Statistical Analysis
Values are expressed as means and standard deviations or counts and percentages as appropriate. Diagnostic groups were compared with the use of independent-samples t tests, χ2 tests, ANOVA, Kruskal-Wallis tests, and Mann–Whitney tests as appropriate. Correlation between sodium and copeptin was tested by Spearman test. All analyses were exploratory and used a probability value of 0.05 for significance.
For the prognostic evaluation of copeptin, we first constructed Kaplan–Meier survival curves and performed log rank tests for mortality by copeptin quartiles and by subgroups divided by a predetermined sodium cut-point of 135 mEq/L and copeptin median. We then performed Cox regressions for copeptin quartiles for the mortality end point and the 4 subgroups, based on sodium and copeptin cut-points for the mortality end point, the combined end point of mortality and HF-related readmission, and the combined end point of mortality, HF related readmission, and HF-related ED visits. Copeptin quartile 1 and the elevated sodium and low copeptin subgroup were used as the comparison groups. Correlation and interaction between sodium and copeptin was also analyzed. Receiver operating characteristic (ROC) curves were generated for copeptin, BNP, sodium, and NT-proBNP. Optimal cut-points for NT-proBNP and Copeptin were selected on the basis of the points closest to the left upper corner of their respective ROC curves. We then performed univariate Cox regressions for the prediction of mortality for NT-proBNP and copeptin. A multivariate analysis including copeptin, sodium, and NT-proBNP by their respective cut-points was also performed.
To construct a multivariate model for the prediction of mortality, we performed univariate analysis for clinical and laboratory predictors of mortality (Table 1). For the statistically significant parameters with the exception of the biomarkers, we ran a stepwise multivariate analysis by Cox model both forward and backward. Significant parameters from this multivariate analysis were included in a new multivariate analysis, which also included sodium, copeptin, and NT-proBNP. To determine the incremental value of sodium and copeptin, we first constructed a multivariate model with body mass index (BMI), systolic blood pressure (BP), and NT-proBNP. We then added sodium and copeptin individually to this model to determine their incremental χ2 value. We also calculated the incremental C-statistic when both sodium and copeptin were added to this model.12 Net reclassification improvement for the mortality end point was calculated for adding copeptin to NT-proBNP, adding copeptin to sodium, and adding both sodium and copeptin added to NT-proBNP.
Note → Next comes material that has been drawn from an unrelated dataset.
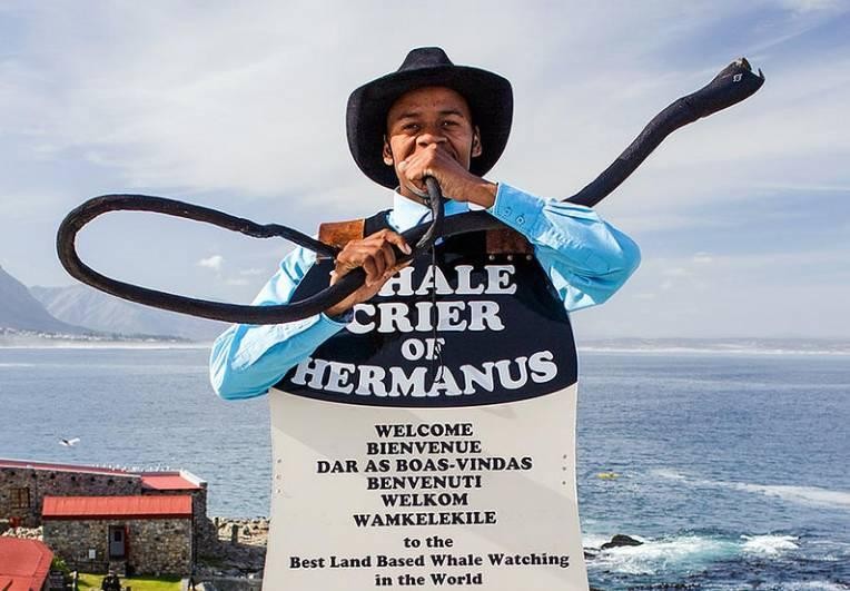 南非有一种职业叫报鲸人。位于南非的赫曼努斯是世界上最好的鲸鱼陆地观察场所。每年5月到11月就会有数千头鲸鱼来到这里繁衍生殖。这吸引了很多游客前来观赏,于是就有了“报鲸人”这种职业。报鲸人的工作就是当鲸群靠近海岸时吹响号角告诉大家鲸群出没的消息。
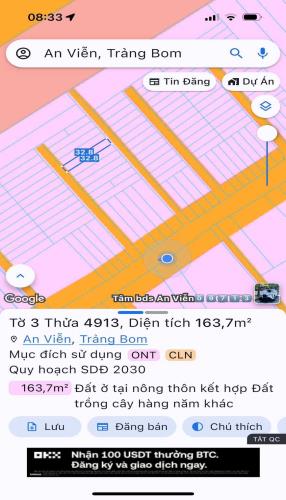 Bán gấp lô đất thổ cư an viễn trảng bom 165m2 giá 1tỷ390

Parameter | Alive After 90 Days | Mortality Within 90 Days | P Value |
---|---|---|---|
Age | 70.7±13.9 | 75.3±12.8 | 0.012 |
Heart rate | 89.4±25.1 | 89.7±23.3 | 0.93 |
Temperature | 36.7±0.7 | 36.8±0.7 | 0.418 |
Systolic blood pressure | 145.2±31.7 | 129.1±30.2 | <0.001 |
Diastolic blood pressure | 83.6±18.9 | 78.5±16.8 | 0.041 |
Respiratory rate | 21.7±6.3 | 22.6±7.1 | 0.278 |
Body mass index | 29±8.3 | 24.8±5.2 | <0.001 |
Black race | 22.6% | 9.5% | 0.017 |
Male | 62.9% | 57.8% | 0.431 |
Smoking | 78.0% | 71.2% | 0.241 |
Supplemental oxygen | 41.7% | 46.9% | 0.431 |
Wheezing | 20.6% | 24.6% | 0.49 |
Weight gain | 27.5% | 32.0% | 0.503 |
Paroxysmal nocturnal dyspnea | 47.8% | 41.0% | 0.341 |
Orthopnea | 63.8% | 62.9% | 0.889 |
Dyspnea at rest | 49.5% | 58.7% | 0.167 |
S3 | 6.6% | 8.1% | 0.665 |
Heart murmur | 26.6% | 41.3% | 0.015 |
Edema | 60.7% | 68.7% | 0.216 |
Rales | 53.6% | 64.1% | 0.114 |
Jugular venous distension | 36.4% | 50.0% | 0.042 |
Arrhythmia | 42.5% | 50.8% | 0.215 |
Asthma | 6.1% | 1.6% | 0.145 |
Chronic renal insufficiency | 30.1% | 41.0% | 0.085 |
Congestive heart failure | 65.2% | 64.5% | 0.92 |
Coronary artery disease | 49.3% | 52.5% | 0.638 |
Chronic obstructive pulmonary disease | 23.5% | 27.4% | 0.494 |
Diabetes | 38.3% | 38.1% | 0.976 |
Hyperlipidemia | 46.5% | 37.9% | 0.215 |
Hypertension | 79.1% | 74.2% | 0.38 |
Myocardial infarction | 31.4% | 32.8% | 0.831 |
Pneumonia | 15.8% | 13.8% | 0.696 |
Pulmonary embolism | 6.5% | 6.4% | 0.964 |
Coronary artery bypass graft | 16.5% | 14.3% | 0.65 |
Angioplasty/stent | 19.9% | 18.0% | 0.733 |
Stroke | 12.1% | 25.0% | 0.005 |
Pacemaker/defibrillator | 19.6% | 12.5% | 0.172 |
Prosthetic valve | 5.0% | 6.4% | 0.643 |
Blood urea nitrogen, mg/dL | 23.0 (16.0–34.7) | 31.0 (17.4–53.4) | 0.009 |
Creatinine, mg/dL | 1.2 (0.91–1.6) | 1.4 (0.98–2.1) | 0.032 |
B-type natriuretic peptide, ng/L | 718.0 (371.0–1343.0) | 1040.5 (501.3–2337.3) | 0.005 |
N-terminal pro–B-type natriuretic peptide, ng/L | 4717.5 (2055.0–9430.8) | 9227.0 (4097.8–17 261.8) | <0.001 |
Sodium, mEq/L | 139 (137.0–141.0) | 137 (133–139.8) | <0.001 |
Copeptin, pmol/L | 24.2 (10.1–51.6) | 55.2 (20.0–114.1) | <0.001 |
Values are mean±SD unless otherwise shown.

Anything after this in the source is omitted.